Clinical and genetic analysis in Chinese families with synpolydactyly, and cellular localization of HOXD13 with different length of polyalanine tract

Abstract

Synpolydactyly (SPD) is caused by mutations in the transcription factor gene HOXD13. Such mutations include polyalanine expansion (PAE), but further study is required for the phenotypic spectrum characteristics of HOXD13 PAE. We investigated four unrelated Chinese families with significant limb malformations. Three PAEs were found in the HOXD13 polyalanine coding region: c.172_192dup (p.Ala58_Ala64dup) in Family 1, c.169_192dup (p.Ala57_Ala64dup) in Family 2, and c.183_210dup (p.Ala62_Ala70dup) in Family 3 and Family 4. Interestingly, we identified a new manifestation of preaxial polydactyly in both hands in a pediatric patient with an expansion of seven alanines, a phenotype not previously noted in SPD patients. Comparing with the wild-type cells and mutant cells with polyalanine contractions (PACs), the HOXD13 protein with a PAE of nine-alanine or more was difficult to enter the nucleus, and easy to form inclusion bodies in the cytoplasm, and with the increase of PAE, the more inclusion bodies were formed.
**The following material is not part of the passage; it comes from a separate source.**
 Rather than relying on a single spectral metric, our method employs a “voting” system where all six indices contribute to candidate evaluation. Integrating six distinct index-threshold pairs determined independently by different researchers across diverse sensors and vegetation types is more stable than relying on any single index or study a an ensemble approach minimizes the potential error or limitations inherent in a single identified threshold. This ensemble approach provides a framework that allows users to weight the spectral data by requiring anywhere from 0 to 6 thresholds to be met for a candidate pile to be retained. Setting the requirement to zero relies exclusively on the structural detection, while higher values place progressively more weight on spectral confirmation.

This study not only expanded the phenotypic spectrum of SPD, but also enriched our understanding of its pathogenic mechanisms.
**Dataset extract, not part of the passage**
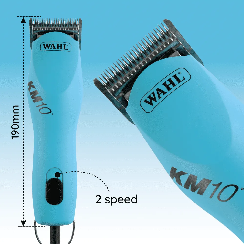 is a professional corded clipper, designed for all-round animal grooming and coat styling. The high tech, brush-less DC motor offers 2 speed settings for fast body clipping and slow precision trimming tasks. The Wahl KM10 housing has been designed by experts in ergonomics to be the most comfortable and lightweight Wahl clipper yet – adapting to fit the user’s hand with a non-slip coating to prevent fatigue and offer better handling. The Wahl KM10 works with all ‘Competition Series’ blades and can also be used with attachments combs (not included) for maximum versatility.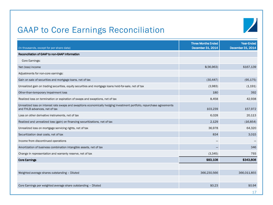 GAAP to Core Earnings Reconciliation 17 (In thousands, except for per share data) Three Months Ended December 31, 2014 Year-Ended December 31, 2014 Reconciliation of GAAP to non-GAAP Information Core Earnings: Net (loss) income $(36,963) $167,139 Adjustments for non-core earnings: Gain on sale of securities and mortgage loans, net of tax (30,447) (95,175) Unrealized gain on trading securities, equity securities and mortgage loans held-for-sale, net of tax (3,983) (1,191) Other-than-temporary impairment loss 180 392 Realized loss on termination or expiration of swaps and swaptions, net of tax 8,458 42,938 Unrealized loss on interest rate swaps and swaptions economically hedging investment portfolio, repurchase agreements and FHLB advances, net of tax 103,239 157,972 Loss on other derivative instruments, net of tax 6,028 20,113 Realized and unrealized loss (gain) on financing securitizations, net of tax 2,129 (16,854) Unrealized loss on mortgage servicing rights, net of tax 36,978 64,320 Securitization deal costs, net of tax 834 3,015 Income from discontinued operations — — Amortization of business combination intangible assets, net of tax — 346 Change in representation and warranty reserve, net of tax (3,345) 793 Core Earnings $83,108 $343,808 Weighted average shares outstanding – Diluted 366,230,566 366,011,855 Core Earnings per weighted average share outstanding – Diluted $0.23 $0.94

Keywords: HOXD13; polyalanine expansion; preaxial polydactyly; synpolydactyly; variant.

FIGURE 1

Pedigrees of four unrelated families with the synpolydactyly. The arrows indicate the proband. The asterisks represent the individuals in the families who provided peripheral blood samples.

FIGURE 2

Clinical manifestation of patients with synpolydactyly. (A) Bilateral preaxial polydactyly of hands and postaxial synpolydactyly of feet found in a pediatric patient. (B) Bilateral or unilateral synpolydactyly in 3/4 fingers of the affected individuals in SPD families. (C) Congenital syndactyly between the 3/4 fingers. (D) There were syndactyly in the proband’s 3/4 fingers. The arrows indicate the patients’ fingers.

FIGURE 3

Polyalanine expansions of HOXD13 identified in the families with synpolydactyly. (A) Expansion of seven-alanine, c.172_192dup (p.Ala58_Ala64dup), in Family 1. (B) Expansion of eight-alanine, c.169_192dup (p.Ala57_Ala64dup), in Family 2. (C) Expansion of nine-alanine, c.183_210dup (p.Ala62_Ala70dup), in Family 3 and Family 4. (D) Take Family 4 as an example, pattern diagram of different codons in HOXD13 polyalanine tract of the normal allele and mutant allele with expansion of nine-alanine. (E) Two bands (182bp and 161bp) were separated on 8% neutral polyacrylamide gel. The result showed that all patients had the duplication.

FIGURE 4

Cellular localization of the fusion protein of GFP-HOXD13 in COS-7 cells. (A) Expression of eight vectors: GFP, pEGFP-C3 vector; WT, the pEGFP-C3 with wild type HOXD13; three HOXD13 poly-Ala mutant plasmids with polyalanine contractions (PACs) (−13A, −11A and -7A); three HOXD13 poly-Ala mutant plasmids with polyalanine expansions (PAEs) (+9A, +14A, and +17A). The wild type and the PAC mutant of HOXD13 did not affect the cellular localization of the fusion protein, but the PAE of HOXD13 caused the aggregation of fusion proteins in the cytoplasm. Moreover, with the increase of PAE, the inclusion body of fusion protein in cytoplasm increased. (B) Schematic structure of HOXD13, the polyalanine tract located in the first exon and the homeobox domain located in the second exon.